Records for processing:
########
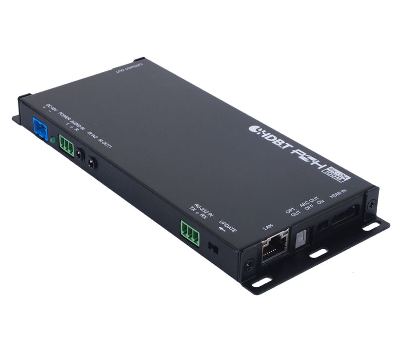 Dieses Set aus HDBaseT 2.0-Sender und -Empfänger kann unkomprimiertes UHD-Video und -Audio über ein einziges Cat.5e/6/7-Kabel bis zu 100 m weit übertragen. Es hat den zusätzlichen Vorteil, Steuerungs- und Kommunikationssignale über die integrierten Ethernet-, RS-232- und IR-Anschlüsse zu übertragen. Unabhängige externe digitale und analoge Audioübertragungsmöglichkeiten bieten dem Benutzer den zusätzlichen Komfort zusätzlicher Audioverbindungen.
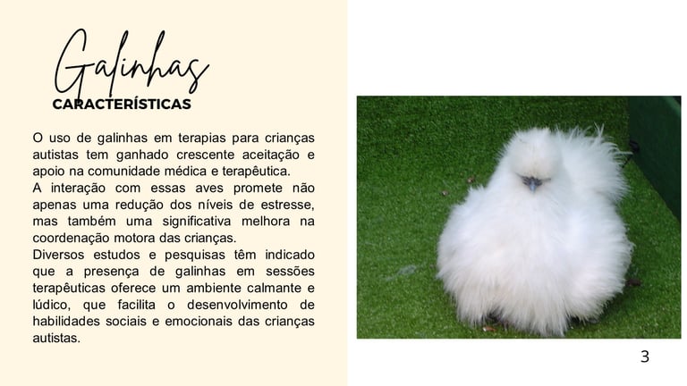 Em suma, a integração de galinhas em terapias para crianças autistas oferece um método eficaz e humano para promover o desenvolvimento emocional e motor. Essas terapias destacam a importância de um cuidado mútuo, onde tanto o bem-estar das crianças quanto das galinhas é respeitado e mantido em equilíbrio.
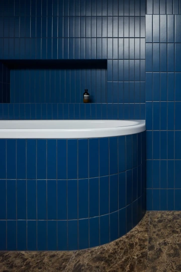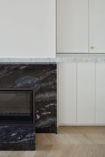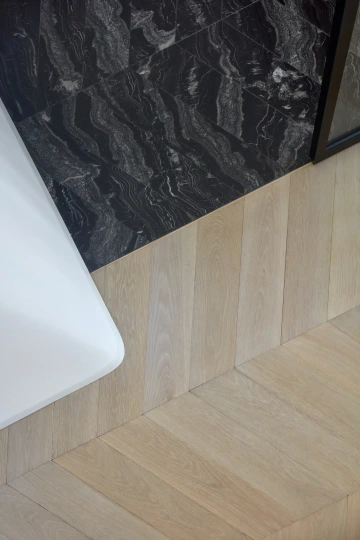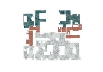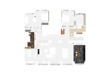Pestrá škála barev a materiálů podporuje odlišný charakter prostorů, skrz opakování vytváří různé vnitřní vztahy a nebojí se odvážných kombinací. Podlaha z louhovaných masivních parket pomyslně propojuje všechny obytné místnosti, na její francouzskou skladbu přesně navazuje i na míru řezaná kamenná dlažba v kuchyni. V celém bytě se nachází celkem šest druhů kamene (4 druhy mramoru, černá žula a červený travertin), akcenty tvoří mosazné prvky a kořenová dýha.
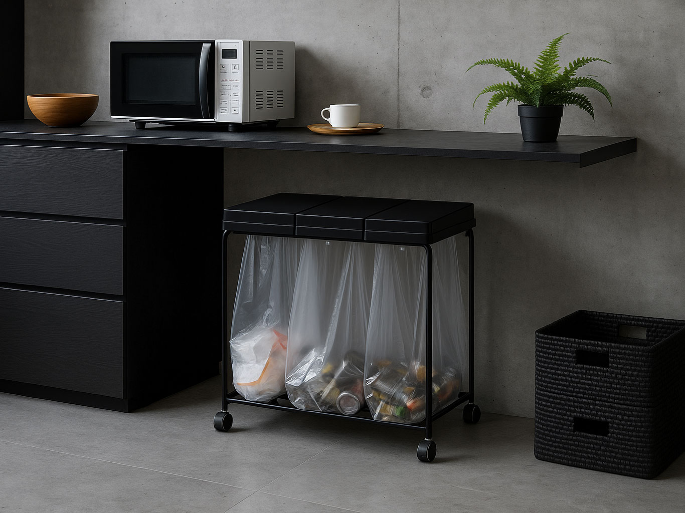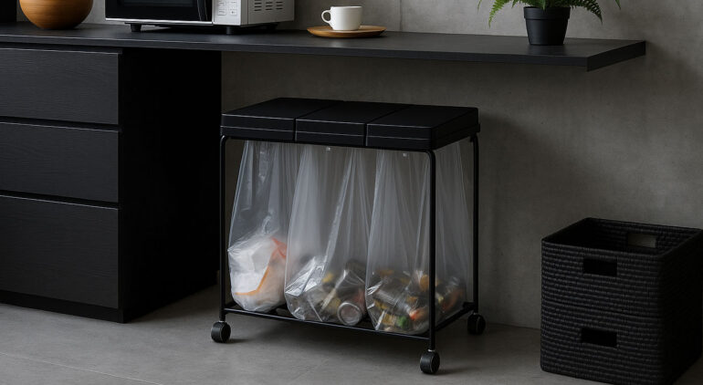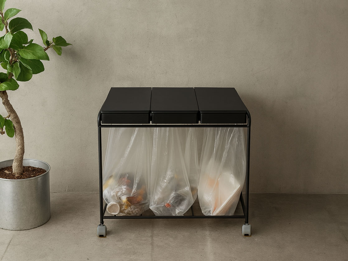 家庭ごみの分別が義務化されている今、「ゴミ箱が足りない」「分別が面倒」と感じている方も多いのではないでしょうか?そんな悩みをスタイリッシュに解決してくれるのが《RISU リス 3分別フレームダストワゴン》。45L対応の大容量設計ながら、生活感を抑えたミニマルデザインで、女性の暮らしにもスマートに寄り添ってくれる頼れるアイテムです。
########
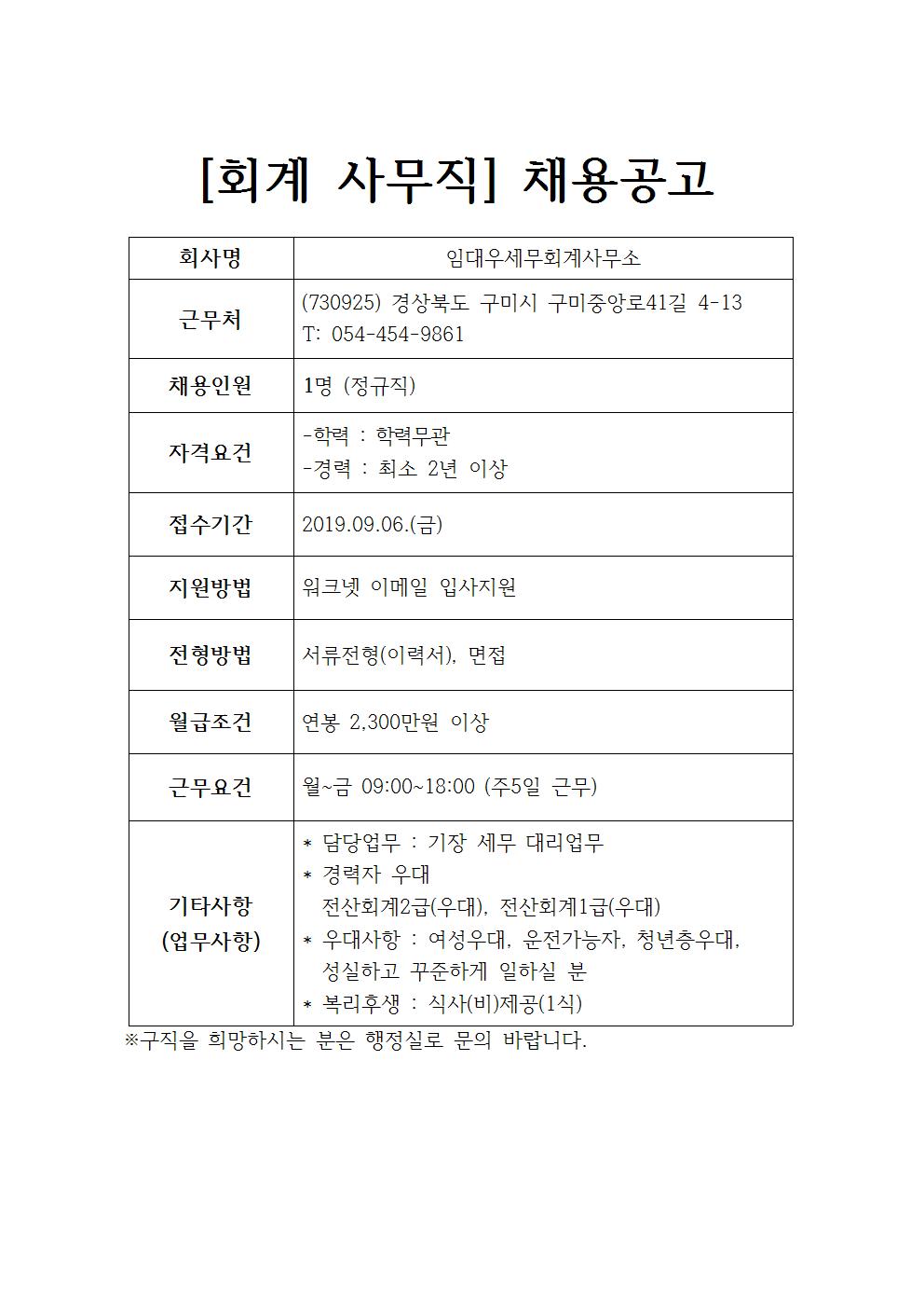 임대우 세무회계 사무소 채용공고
########
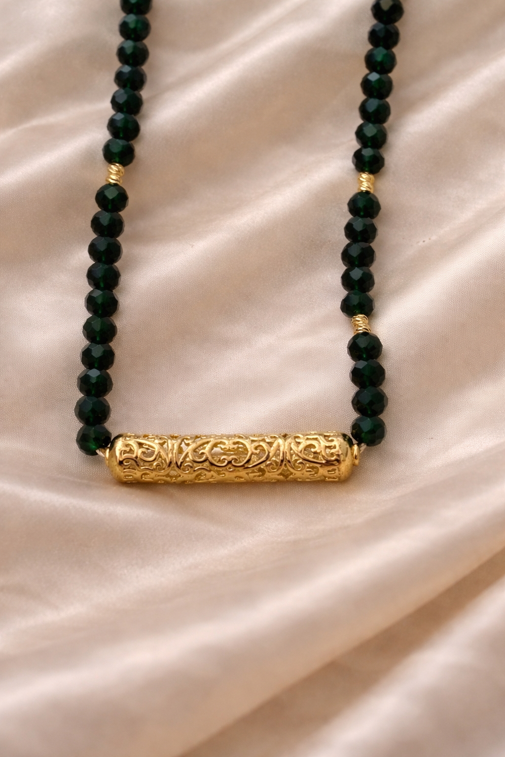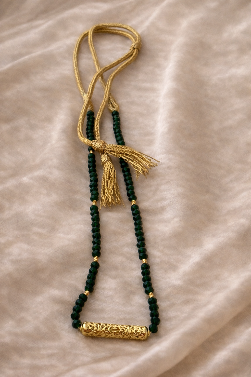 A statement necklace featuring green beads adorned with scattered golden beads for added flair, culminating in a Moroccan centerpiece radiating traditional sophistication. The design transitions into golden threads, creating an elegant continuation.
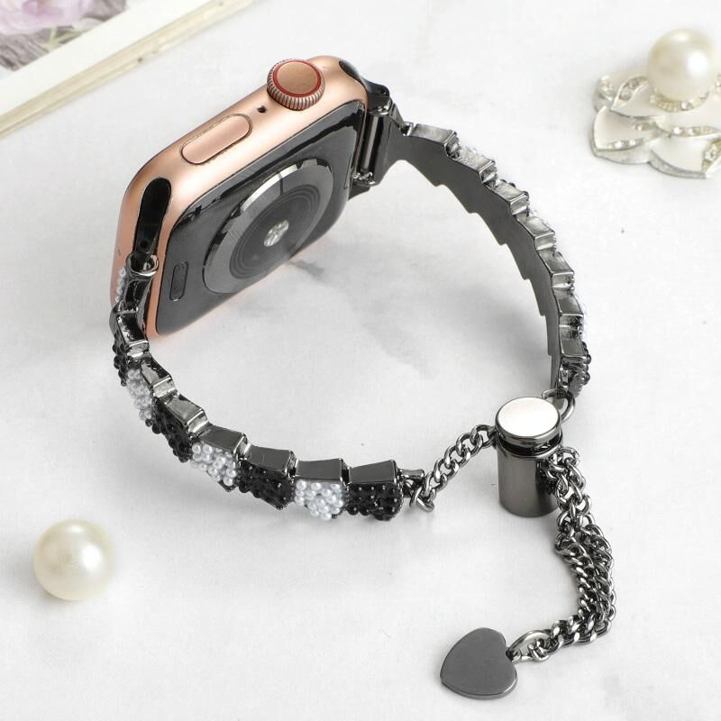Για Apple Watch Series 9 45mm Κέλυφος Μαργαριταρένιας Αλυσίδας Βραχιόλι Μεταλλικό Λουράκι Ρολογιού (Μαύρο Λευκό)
########
Task description: Without the pictures, give again exactly the lines above starting at the line containing "A statement necklace" and ending at the line containing "Για Apple Watch".

Task solution:
 A statement necklace featuring green beads adorned with scattered golden beads for added flair, culminating in a Moroccan centerpiece radiating traditional sophistication. The design transitions into golden threads, creating an elegant continuation.
Για Apple Watch Series 9 45mm Κέλυφος Μαργαριταρένιας Αλυσίδας Βραχιόλι Μεταλλικό Λουράκι Ρολογιού (Μαύρο Λευκό)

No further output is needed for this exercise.